• Data extract:
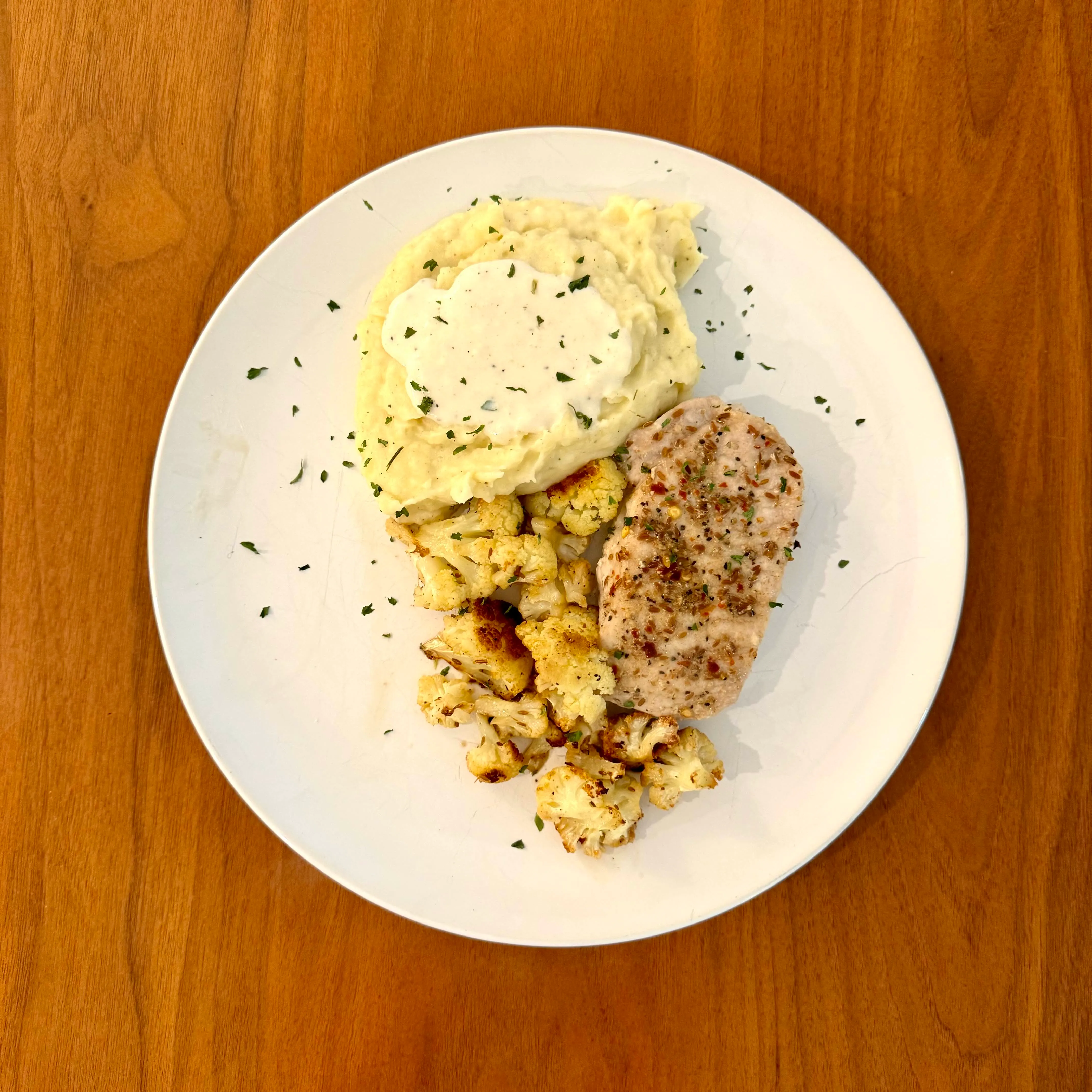 A pork chop with a peppery crust, a tall mound of mashed potatoes with a pool of cream on top, and a pile of roasted cauliflower.
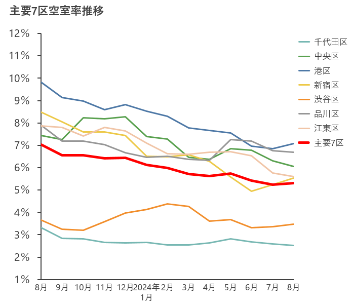主要7区の空室率について、中央区で回復、港区・新宿区で上昇、千代田区・渋谷区・品川区・江東区で横ばいとなった。港区では、三田エリアにおいて大型の空室消化があったものの、赤坂エリアにおいて大型物件が竣工したため、空室率が前月比で0.24pt上昇し、7.08%となった。
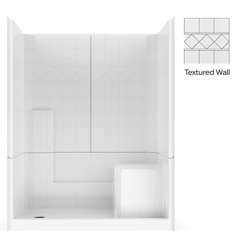 Durable 3-piece alcove shower kit featuring AcrylX applied acrylic over ArmorCore reinforcement for a glossy, easy-to-clean, truer white finish. Includes a molded left-hand seat, right-hand drain, slip-resistant base, and integrated shelves for safe, convenient everyday use.
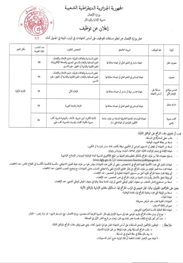 تعلن وزارة الاتصال عن تنظيم مسابقات للتوظيف على أساس الشهادات في الرتب المبينة أدناه:
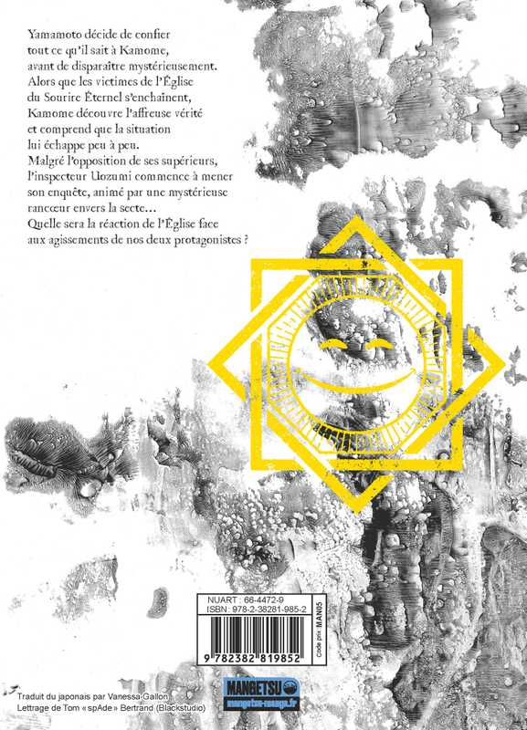 Publiée chez Nihon Bungeisha, Smile! est une oeuvre qui plonge le lecteur dans les ténèbres d'un culte inquiétant. Hattori Mitei vous entraîne dans un thriller des plus haletants et un drame psychologique inoubliable.
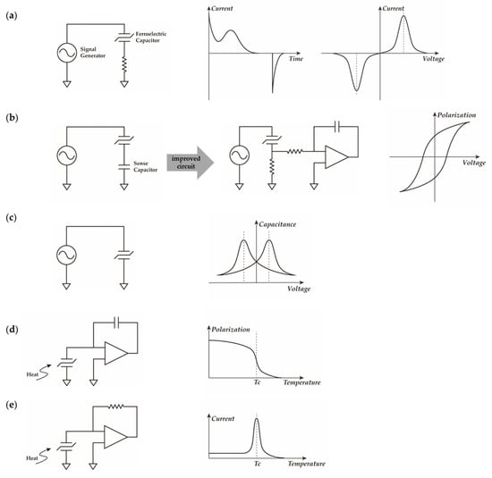 Figure 6 shows each of the typical test circuits and corresponding results. Figure 6a illustrates the I–t curve at impulse voltage and the I–V response of ramp voltage. The switching and non-switching currents can be determined from the I–t curve, while the value of coercive voltage can be acquired from the I–V curve. The basic Sawyer–Tower circuit for hysteresis loop measurement is shown in Figure 6b, and a virtual ground is often added to avoid noise, as presented in the improved circuit. In Figure 6c, with a small signal superposed DC voltage bias, the circuit is used to measure the C–V curve. Temperature-related properties such as the Curie point can be determined by the circuits shown in Figure 6d,e [82].
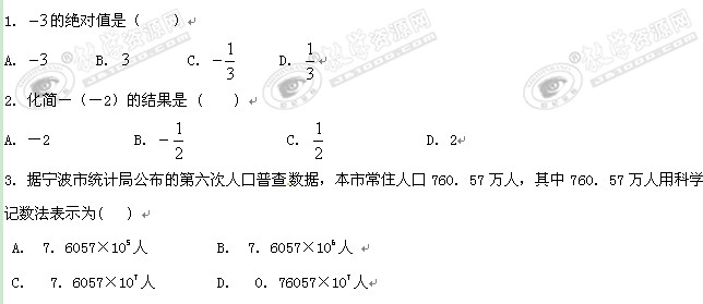 江苏省大丰市第三中学11-12学年七年级上学期12月月考试题(数学)缺答案
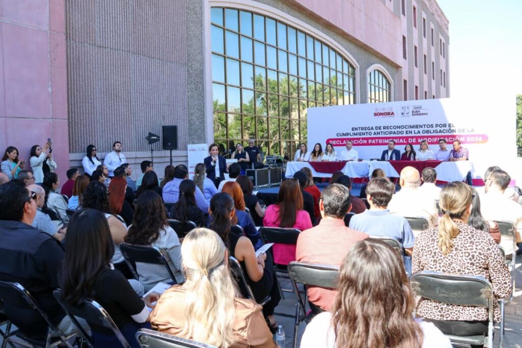 Hermosillo, Sonora; 7 de abril del 2026.– Como parte del compromiso del Gobierno de Sonora con la transparencia y la rendición de cuentas, la Secretaría Anticorrupción y Buen Gobierno (SABG) llevó a cabo la entrega de reconocimientos por el cumplimiento anticipado de la Declaración Patrimonial de Modificación 2026.

• Problem to work on: Repeat, exactly and in full, each line from the start of the data to the line that contains "Publiée chez Nihon". Pictures do not go in.

• Your response:
 A pork chop with a peppery crust, a tall mound of mashed potatoes with a pool of cream on top, and a pile of roasted cauliflower.
主要7区の空室率について、中央区で回復、港区・新宿区で上昇、千代田区・渋谷区・品川区・江東区で横ばいとなった。港区では、三田エリアにおいて大型の空室消化があったものの、赤坂エリアにおいて大型物件が竣工したため、空室率が前月比で0.24pt上昇し、7.08%となった。
 Durable 3-piece alcove shower kit featuring AcrylX applied acrylic over ArmorCore reinforcement for a glossy, easy-to-clean, truer white finish. Includes a molded left-hand seat, right-hand drain, slip-resistant base, and integrated shelves for safe, convenient everyday use.
 تعلن وزارة الاتصال عن تنظيم مسابقات للتوظيف على أساس الشهادات في الرتب المبينة أدناه:
 Publiée chez Nihon Bungeisha, Smile! est une oeuvre qui plonge le lecteur dans les ténèbres d'un culte inquiétant. Hattori Mitei vous entraîne dans un thriller des plus haletants et un drame psychologique inoubliable.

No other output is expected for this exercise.